NEW PALESTINE — Firefighters risk their lives every day and the particles they breathe in put their health and future at risk.
Sugar Creek Township fire chief Brandon Kleine said it's the unknowns that can get firefighters in trouble.
"Twenty years ago when I started on the job, that wouldn't have bothered me. I would have given it no thought," Kleine said while looking at a dirty towel. "But now you never know what smoke particles that came from or what the cause of the dirt was."
Klein uses an ultrasonic cleaner that helps remove carcinogens from his firefighters' masks. The device was recently donated from 1-800-BOARD-UP, a company that provides victim assistance after emergencies.
According to a study from the National Institute for Occupational Safety and Health, compared to the general population in the United States, firefighters face a 9% increase in cancer diagnoses and a 14% increase in cancer-related deaths.
The Firefighter Cancer Registry Act also requires the Centers for Disease Control to develop and maintain a voluntary registry of firefighters to help monitor cancer among those in the profession.
"Our masks are one of the things that carries the most contaminants," Kleine said. "It goes here on our jaw line. It is a place where a lot of soot will settle. It's really good for us to clean these."

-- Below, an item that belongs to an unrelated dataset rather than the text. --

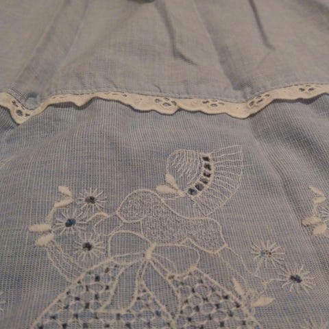 Valkoisesta 100% puuvillakankaasta ommeltu kokoessu, jossa niskalenkki ja vyötärönauhat.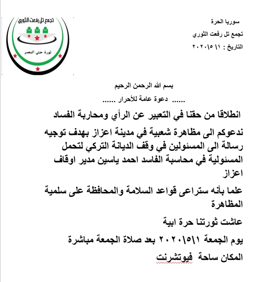 بيان من تجمع تل رفعت الثوري تدعو فيه إلى مظاهرة لمحاربة الفساد ولإيصال رسالة إلى وقف الديانة التركي بشأن الفاسدين

It's not the only step the department that serves about 20,000 people in Hancock County is taking to clean contaminants from their protective gear. The procedure is called a gross decon. They have a kit on each engine with a hose, scrubs and brushes that are used to scrub off everything on their protective gear before getting back inside the engine.
At the station, firefighters can wash their gear and place it in a gear dryer, a piece of equipment most fire departments don't have.
"Gear used to be washed and dried the following day after a fire," Lt. Tony Bratcher said. "Now we can do it that day and have it back in service in two hours."
Bratcher said a current and former firefighter at the department have both been diagnosed with caner. He said the steps they are taking are important to make the job safer.
"My kid is seven years old. He thinks the sun rises and sets in firefighters," Bratcher said. "Knowing my kid wants to do this job, I think it's paramount to make sure we make these changes now for the next generation."
Grant money is also helping the Sugar Creek Township Fire Department purchase new filtering hoods to better protect firefighters.